= Records shown =
···
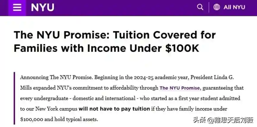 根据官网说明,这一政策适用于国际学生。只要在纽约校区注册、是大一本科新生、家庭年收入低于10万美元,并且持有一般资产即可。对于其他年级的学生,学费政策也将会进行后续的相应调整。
···
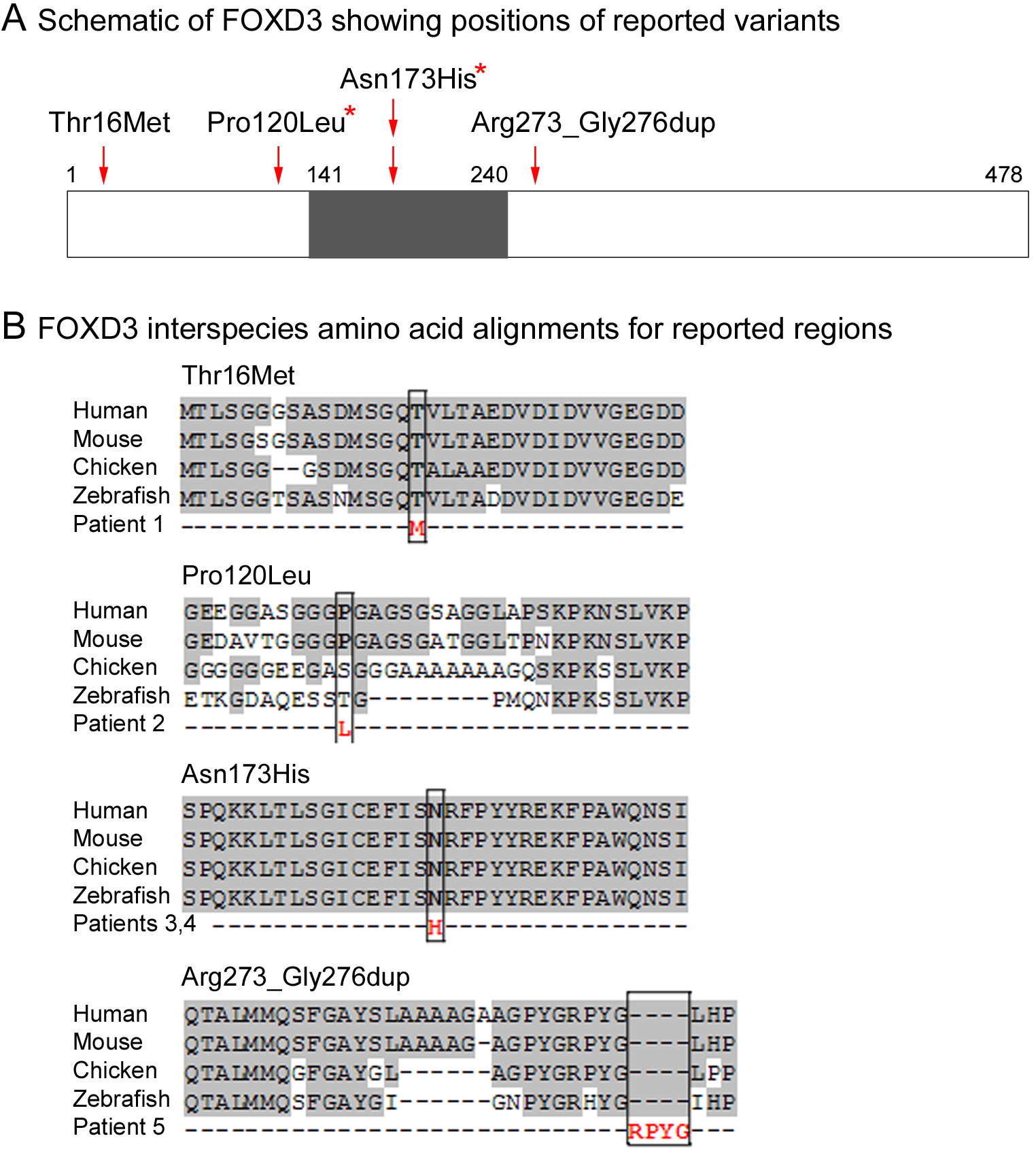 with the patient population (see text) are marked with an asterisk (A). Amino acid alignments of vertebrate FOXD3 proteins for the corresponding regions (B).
···
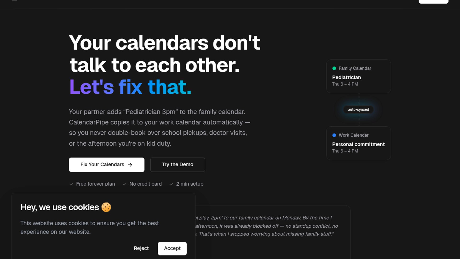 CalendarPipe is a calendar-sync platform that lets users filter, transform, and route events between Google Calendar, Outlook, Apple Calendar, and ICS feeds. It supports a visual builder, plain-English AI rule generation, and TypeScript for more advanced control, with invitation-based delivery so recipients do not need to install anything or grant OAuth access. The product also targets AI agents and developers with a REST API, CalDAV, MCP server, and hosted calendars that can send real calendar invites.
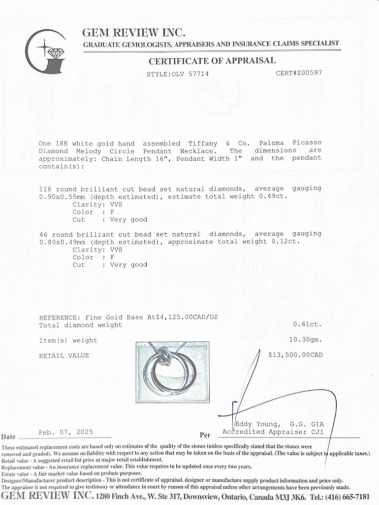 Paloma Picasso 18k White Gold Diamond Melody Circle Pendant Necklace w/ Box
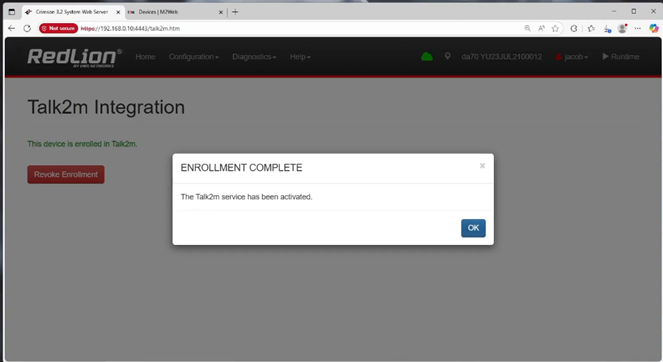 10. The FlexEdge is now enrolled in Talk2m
···
= About this task =
Reproduce the listing above only between the lines holding "Paloma Picasso 18k" and "10. The FlexEdge is now enrolled in Talk2m", inclusive. Every line must match exactly, and pictures are dropped.

= Written response =
 Paloma Picasso 18k White Gold Diamond Melody Circle Pendant Necklace w/ Box
 10. The FlexEdge is now enrolled in Talk2m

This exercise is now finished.